A frustrating thing about humans is how we can have experiences and never learn from them. My mom has spent her life trying and succeeding at being an emotionally sound and giving person, and it’s the thing about her I try to emulate the most. I could talk endlessly about her very cool career that she’s worked so hard to get, or what an amazing mother she is, but the thing that impresses me about her above all is how she’s taught me that it’s always possible to be better, whatever ‘better’ means to you.
Also she sends me emails like this: “Happy national sandwich day!”

-Kate Dries


“Look at this wild bitch! I mean, she’s a killer. Like, she captures the room and slays them.

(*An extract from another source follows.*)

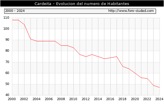 el numero de habitantes en Cardeita era de 47, 2 habitantes menos que el en el año 2023. En el grafico siguiente se puede ver cuantos habitantes tiene Cardeita a lo largo de los años.

Never shy, never dull. In her presence people are warmer, louder, and bawdier. She was scolded once by a fellow teacher, some BASIC and petty woman, for cussing in the teacher’s lounge. Can you believe that bullshit? My mother has to deal with bullshit all the time. I gave her guff and bullshit and enough eyerolls to collapse your sarcastic teenaged skull. She took it, though and still let me come into her bedroom at night to sob about boys. She’s a wild bushwoman of the San Fernando Valley, a Chilean exile who got her apartment tossed by a paramilitary unit in the 1970s. She’s got a toothless Chihuahua with bad attitude as her side kick, a heart as strong as a fist, and one lucky ass daughter.”

-Natasha Vargas-Cooper


I wish I had a photo of my mom somewhere like DragonCon or Ren Faire or one of the million other beyond-nerdy things to which she gamely allowed herself to be dragged over the years, never once making me feel like the enormous dork I was. Too bad I don’t have a video of her telling my high school debate coach that if anything happened to me while I was his responsibility, she’d literally [redacted for legal reasons]. Nor do I have a picture of her graduation from nursing school, which she got through partly by parking my too-young-for-school-aged brother and sister in front of Robin Hood: Prince of Thieves and The Bodyguard.
But I do have this picture from our trip to Ireland, which I snapped right after she got on her hands and knees to crawl halfway under a hedge to get the perfect picture of a sheep. It’s a great illustration of the best thing she ever gave me: a determined sense of adventure. Happy Mother’s Day, Mama.